I am a proud owner of 130 fairy tale CDs. The fairy tales are recorded in Slovak, but the stories are from all over the world. When I grew up, I realized that there was one big lesson that I learned from the thousands of fairy tales. Things always end up well for the good characters, no surprise. However, the reason why it keeps happening will stick with me forever.
The fairy tale characters get to enjoy happily ever after because they refuse to give up in the process.
Juan and I were about to reach the highest point on the Camino Frances (1500 m). It’s a very symbolic Camino spot with a tall wooden pole and an iron cross on the top (hence the name Cruz de Ferro). The pole is surrounded by a hill that was transported to this location stone by stone by pilgrims. Some pilgrims bring rocks, many prefer locks. It’s hard to find something to lock in between the stones, but at least the locks are not removed like they are from bridges. According to the tradition, Cruz de Ferro is a place to leave a physical and a spiritual burden. We picked up some chestnuts at the start of the Camino in Saint-Jean and kept them in our pockets. I don’t think they can be considered as a burden, but we were certainly happy to place them near the hill top. There might be a chestnut tree there one day, how cool is that?

Juan enjoyed his spiritual moment – letting go of pain connected to the death of his brother. I didn’t give the task much thought. In the end, I decided to let go of my anxiety that I’m not good enough. I didn’t want to spend a lot of time on the hill, the taxigrina was approaching. She wasn’t the person I wanted to have around during spiritual moments. I didn’t feel lighter until we got lost, had an argument and I cried. I cried together with the gloomy sky, not knowing the real reason why.
I replayed an old Chinese fairy tale in my head. Once upon a time, there was a widow with two sons. One of them colored fabrics, the other one was an umbrella maker. When it rained, the widow cried: “Oh, my poor younger son, his fabrics can never dry in this weather!” She cried when the sun came out: “Oh, my poor older son, how can he sell umbrellas now?” One day she met a wise man who opened her eyes. Since that moment she smiled every day. When it rained, she was happy for her older son selling umbrellas on the market. When it was sunny, she thought of her happy younger son. I realized that I cried about the anxiety of my past and I opened my eyes to the present. A huge full arch rainbow filled the valley, for the third time that day!

The descent was difficult because of the terrain, there were large river rocks like at Alto de Perdón. We briefly met Santi on the way down. He recommended us to walk on the asphalt road and save our feet. Other pilgrims obviously had the same idea. Our goal for that day, the village Molinaseca, was still a few hours down.

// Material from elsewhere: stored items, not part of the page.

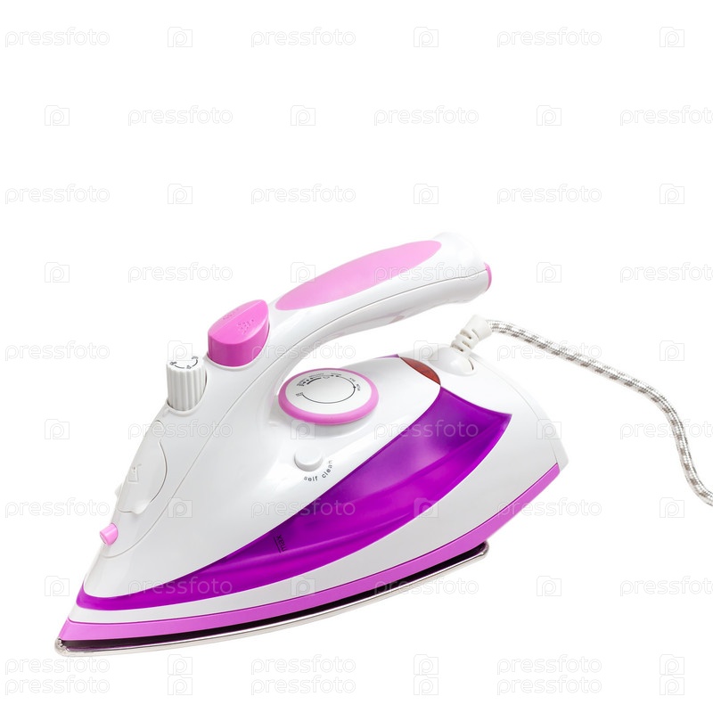 Фиолетовый электрический паровой утюг, изолированный на белом фоне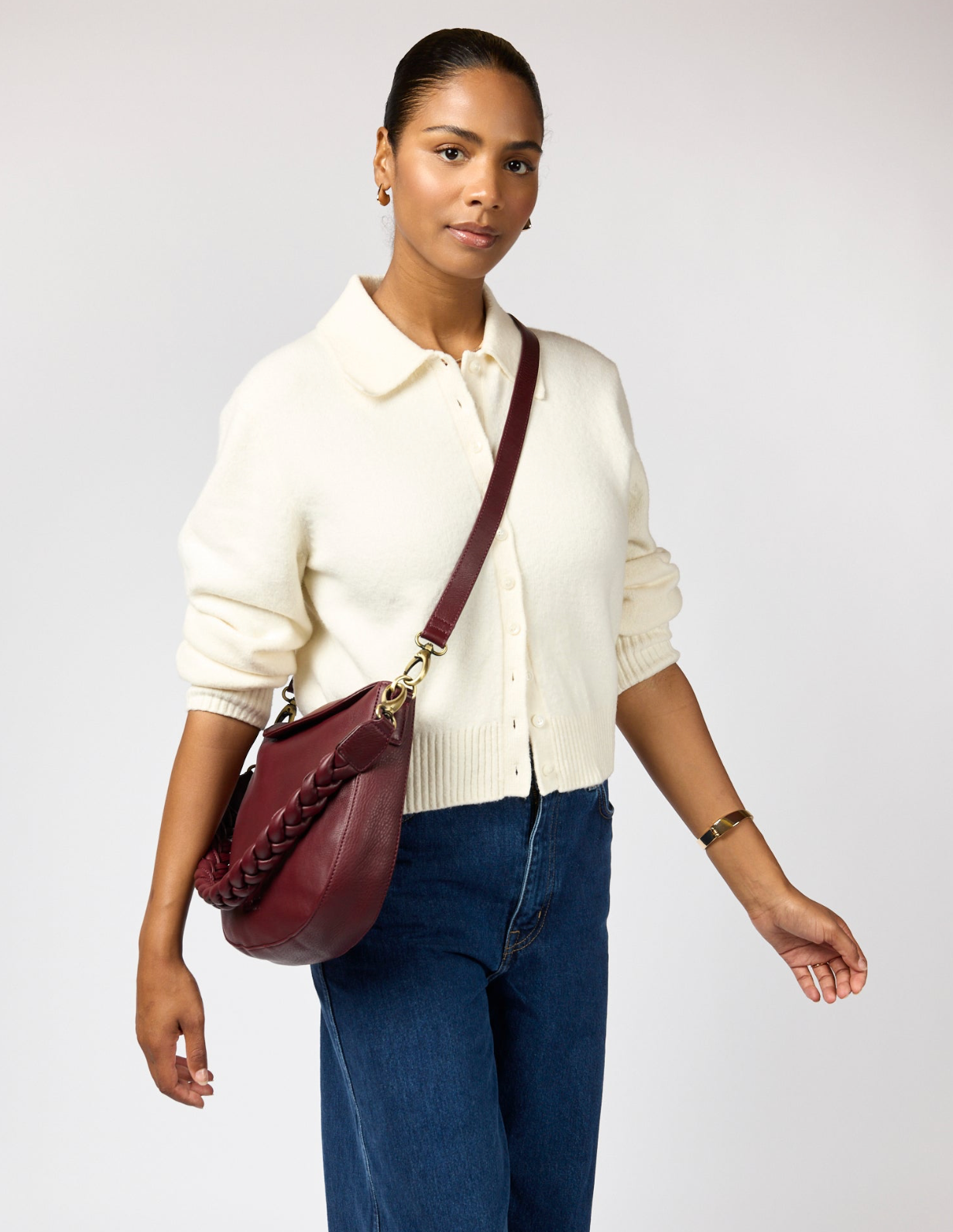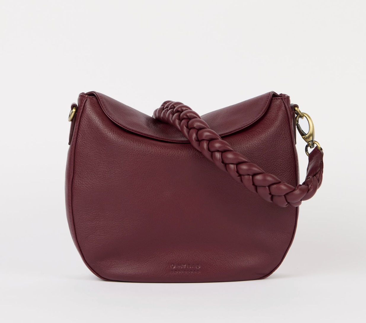 Laukussa on kevyesti kaartuva siluetti ja elegantti burgundin väri, joka korostaa nahan syvyyttä ja lämpöä. Punottu hihna lisää ripauksen boheemia viehätysvoimaa, kun taas säädettävä olkahihna tarjoaa joustavuutta ja kätevyyttä.
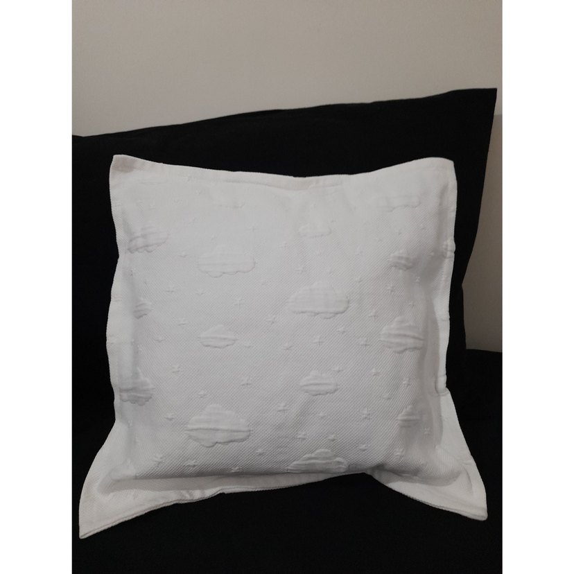 Modern klasik tarzda, beyaz renkte ve desensiz olan bu kırlent, hafif dokulu detaylara sahiptir ve mekana zarif bir dokunuş katar. ️üzerinde bulut detayı vardır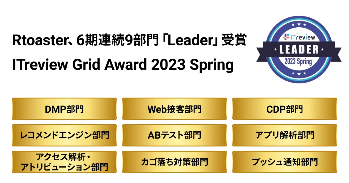 株式会社ブレインパッドは、顧客一人ひとりに自然なアクションを促す、Web/アプリのコンテンツ最適化プラットフォーム「Rtoaster(アールトースター)」が、アイティクラウド株式会社が運営するIT製品レビュープラットフォーム「ITreview」のアワード「ITreview Grid Award 2023 Spring」にて、6期連続9部門で「Leader」を獲得したことを発表いたします。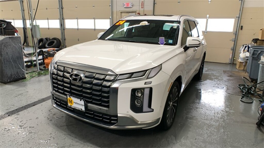 Hyper White 2024 Hyundai Palisade Calligraphy AWD 8-Speed Automatic with SHIFTRONIC V6 12 Speakers, 3.648 Axle Ratio, 3rd row seats: split-bench, 4-Wheel Disc Brakes, ABS brakes, Air Conditioning, Alloy wheels, AM/FM radio: SiriusXM, Apple CarPlay & Android Auto, Auto High-beam Headlights, Auto-dimming door mirrors, Auto-dimming Rear-View mirror, Auto-leveling suspension, Automatic temperature control, Brake assist, Bumpers: body-color, Compass, Delay-off headlights, Driver door bin, Driver vanity mirror, Dual front impact airbags, Dual front side impact airbags, Electronic Stability Control, Emergency communication system, Exterior Parking Camera Rear, Four wheel independent suspension, Front anti-roll bar, Front Bucket Seats, Front Center Armrest, Front dual zone A/C, Front reading lights, Fully automatic headlights, Garage door transmitter: HomeLink, harman/kardon® Speakers, Heads-Up Display, Heated & Ventilated Front Bucket Seats, Heated door mirrors, Heated front seats, Heated rear seats, Heated steering wheel, Illuminated entry, Knee airbag, Low tire pressure warning, Memory seat, Navigation System, Occupant sensing airbag, Option Group 01, Outside temperature display, Overhead airbag, Overhead console, Panic alarm, Passenger door bin, Passenger vanity mirror, Power door mirrors, Power driver seat, Power Liftgate, Power moonroof, Power passenger seat, Power steering, Power windows, Premium Nappa Leather Seat Trim, Radio data system, Radio: AM/FM/MP3 Premium Audio System, Rain sensing wipers, Rear air conditioning, Rear anti-roll bar, Rear audio controls, Rear reading lights, Rear side impact airbag, Rear window defroster, Rear window wiper, Reclining 3rd row seat, Remote keyless entry, Security system, Speed control, Speed-sensing steering, Split folding rear seat, Spoiler, Steering wheel mounted audio controls, Tachometer, Telescoping steering wheel, Tilt steering wheel, Traction control, Trip computer, Turn signal indicator mirrors, Variably intermittent wipers, Ventilated front seats, Ventilated rear seats, Wheels: 20" x 7.5J Calligraphy Exclusive Alloy.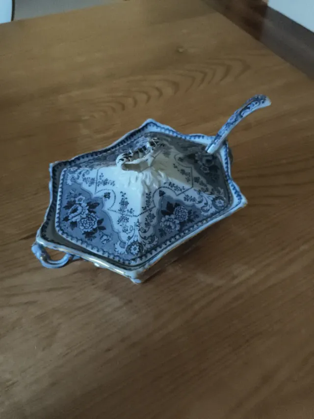 Salsera porcelana inglesa azul y blanca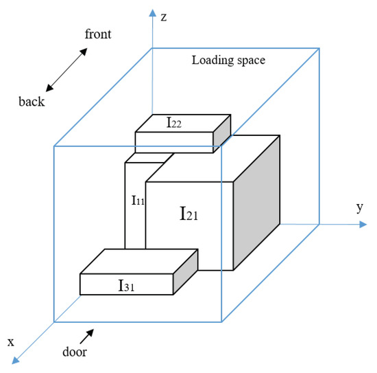 The loading space of each car is placed into the first hexagram limit in cartesian coordinate system, and the length, width, and height of the loading space are respectively parallel to the X-axis, Y-axis and Z-axis of cartesian coordinate system. The position of each box in the loading space is given by the box angle coordinates , , and , which are closest to the origin of the coordinate system.

As we walked deeper into El Bierzo valley, the rain clouds disappeared. The temperature quickly rose and I was boiling in my black shirt with long sleeves. We sent the luggage by car, so I had no change of clothes with me.
Juan suggested: “Why don’t you just walk in a bra?” Wonderful thirty minutes of beach weather on the Camino.
Only us and one more couple stayed in Molinaseca. The remaining pilgrims continued 7 km forward to a big town Ponferrada. We followed Santi’s advice – Molinaseca is much prettier to explore than Ponferrada. Other than that, the covid situation in Ponferrada was miserable. Any day the town was about to get confined. We texted Santi and asked where he ended up staying overnight. The crushing news hit our Camino reality. Santi’s friends, with whom he stayed the previous night, all tested positive for covid. Santi took a taxi to the nearest hospital in Ponferrada and got tested.
He didn’t tell us the result, but he returned home. Second Camino Papá down.
The best way to absorb the shock was to enjoy a relaxing evening. We stayed in our favorite albergue on the Camino Frances called Señor Oso. The beds were comfy, the house was warm and the bathroom was decorated with motivational quotes.

The host was a really friendly guy who passionately told us about local attractions. The biggest attraction is a Buddha carved in a living tree. The tree usually dies after this procedure, so this time Japanese artists took a few months to carve the art to let the tree adjust. The Buddha watches over Santiago pilgrims and celebrates the connection of Camino de Santiago and 88 temple pilgrimage in Japan. Love is in the details.

Love is in the details and our albergue host knows that. He even prepared two little cushions and shoe horns on the stairs. In non-covid times, the entire albergue is usually booked out by Koreans. He also owns a bakery next door. Wow. Amazing. There would be no bakery hunt tomorrow morning.
We felt a bit sad about what happened to Santi, but it was time to eat. The restaurant that we chose for dinner was full of locals who were celebrating a grandma’s birthday. We were seated in a different room decorated with huge puzzle images made of thousands of pieces. We were told that the owner’s wife started a pandemic hobby. Party people next door didn’t want to spend time with us and risk infection, but they at least sent us a share of the birthday cake. Covid didn’t kill the generosity of the local people! I was sure we still had plenty of adventures ahead, despite the pandemic situation. Maybe Camino is not a piece of cake, but it managed to deliver two pieces of cake in the right moment.